The following article assumes, you have a server, which can be managed via ssh rather than by physically access. We will show you how to setup a GNOME desktop on that server and virtually connect to that desktop using an SSH tunnel.

In case you are running a client machine with:

  • Linux or Mac OS X, just keep on reading, all tools come onboard
  • MS Windows, please install Cygwin with the openSSH package first
    (Note: you may also use the Putty/Pageant combo instead, but this will require some different steps. The following article is straightened to using Cygwin, because we feel it’s got several client sided advantages in contrast to Putty)

II. Preparations

First of all: log into your server via SSH as root. Make sure openSSH has been updated, a serious security flaw has been discovered some days ago concerning Debian based Linux distros. Make also sure you have secured your SSH access. We really recommend public-, private-key crypto for ssh login.

III. Update and Upgrade your server with current packages

Being logged into your server as root, do the following:

  • server$ apt-get update
  • server$ apt-get upgrade
  • server$ apt-get dist-upgrade

to upgade your whole installation.

IV. Installing GNOME

After having done a dist-upgrade we are used to reboot the servers.

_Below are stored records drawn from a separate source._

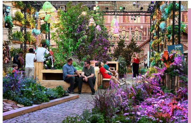
Le jardin éphémère 2023

Ce jardin renvoie à la fois par son côté rustique, au passé et à l'origine de Mulhouse et par la notion de nature en ville, au futur de la ville et au bien-être que cette nature peut apporter aux Mulhousiens.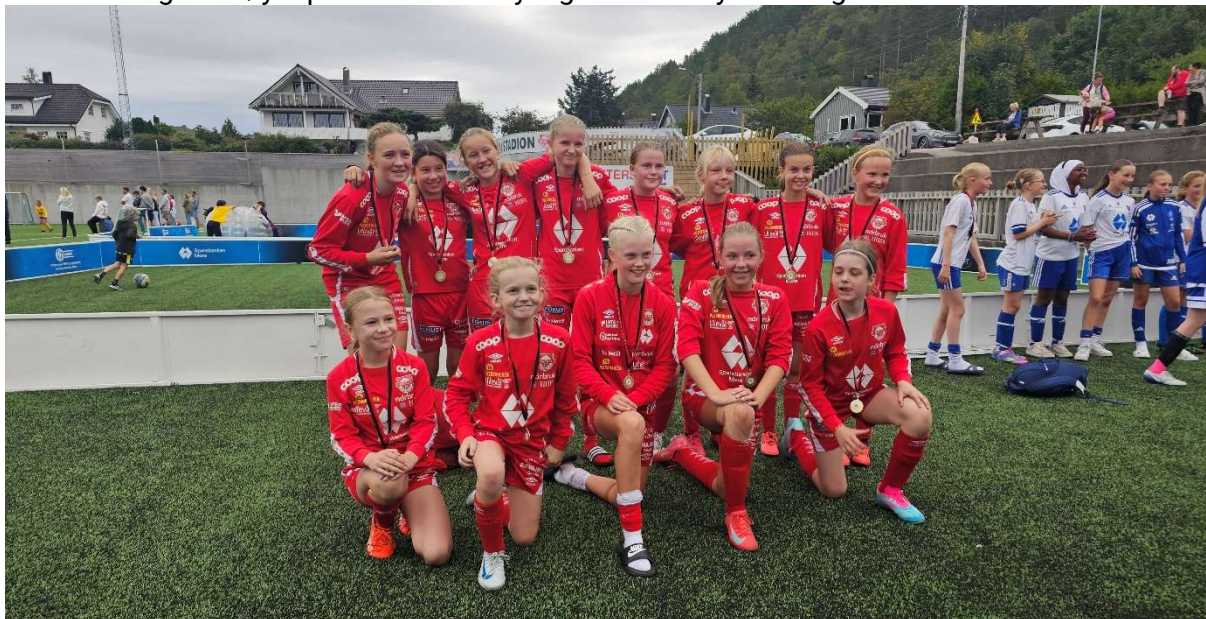
Deler av laget på HessaCup

2026-sesongens høydepunkt blir sannsynligvis Briskebyturneringen i Hamar 6-7. Juni.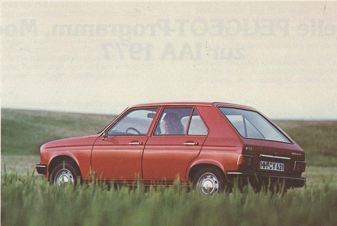
Abb.: PEUGEOT 104, Ausstattung SL

verleiht. Weiterhin trägt zur Sicherheit das aufwendig konstruierte PEUGEOT-Fahrwerk mit langem Radstand bei. Alle Räder sind einzeln aufgehängt. Ein Kurvenstabilisator sorgt für ausgezeichnetes Fahrverhalten. Das Zweikreis-Bremssystem mit druckabhängigem Bremskraftregler garantiert schnellen und sicheren Halt.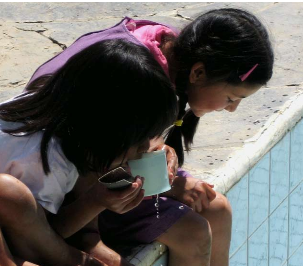
Las cuidadoras del agua, esperanza para un futuro digno. Cochabamba, 2009.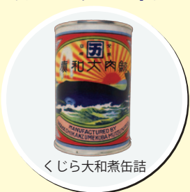
くじら大和煮缶詰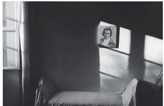
エルベ・ギベール《Villa Medicea》1989年 ゼラチン・シルバー・プリント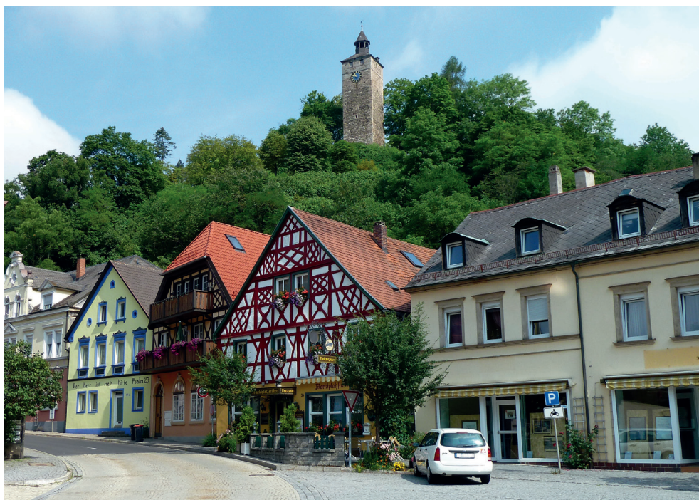
Foto 1: Am Marktplatz in der Oberstadt von Bad Berneck: Zwischengenutzte Leerstände in z. T. historischer Bausubstanz.

Trotz der hier skizzierten Probleme Bad Bernecks, die vor allem in der Oberstadt in Form leerstehender Ladenlokale und Wohnungen deutlich sichtbar werden, ist das touristische Potenzial aufgrund der naturräumlichen Lage im Tal der Ölschnitz sowie der historischen Bausubstanz und der Vielzahl denkmalgeschützter Gebäude durchaus beträchtlich (Foto 1). Dazu sind auch die zahlreichen Leerstände zu zählen. Hier gilt es innovative und kreative Ideen zu entwickeln, um den Ortskern zu revitalisieren und auch in touristischer Hinsicht attraktiv zu gestalten. Grundlegend dafür ist jedoch eine strategische Orientierung, bei der das nachfolgend vorgestellte Leerstandmanagement ein Bestandteil ist.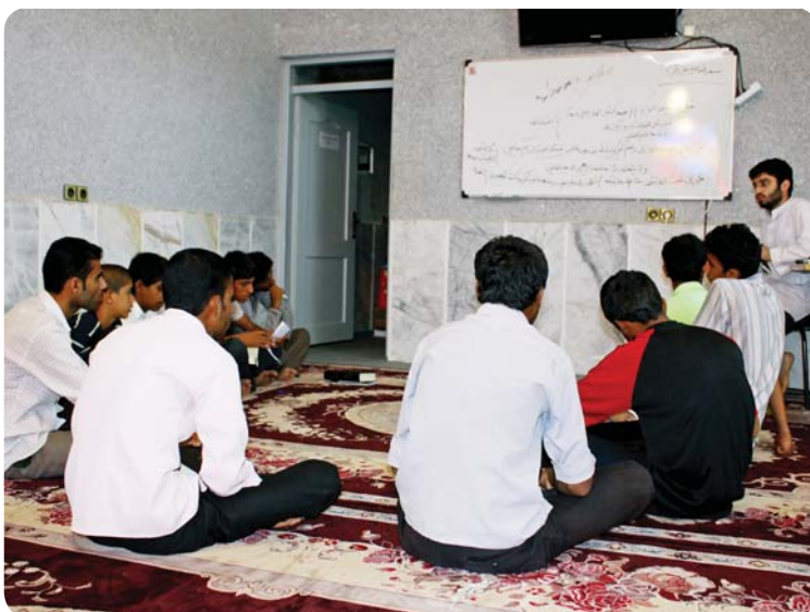
روستای کوه‌حیدر، کلاس معرفتی، برادران دبیرستانی

در این دوره جلسات پرسش و پاسخ در هر روستا و با طرح و برنامه مربی همان روستا برگزار گردید.

This might not be necessary in all cases and might be a strange obsession from ancient MS Windows times, but we would recommend it to allow all scripts to become initialized anew.

After reboot login as root again and do the following:

  • server$ apt-get install gnome-desktop-environment

V. Install fonts for GNOME and VNC

Install some (required) fonts for the VNC server GNOME session:

  • server$ apt-get install xfonts-100dpi
  • server$ apt-get install xfonts-100dpi-transcoded
  • server$ apt-get install xfonts-75dpi
  • server$ apt-get install xfonts-75dpi-transcoded
  • server$ apt-get install xfonts-base

VI. Install VNC server

We prefer TightVNCServer, simply because it worked from the very beginning…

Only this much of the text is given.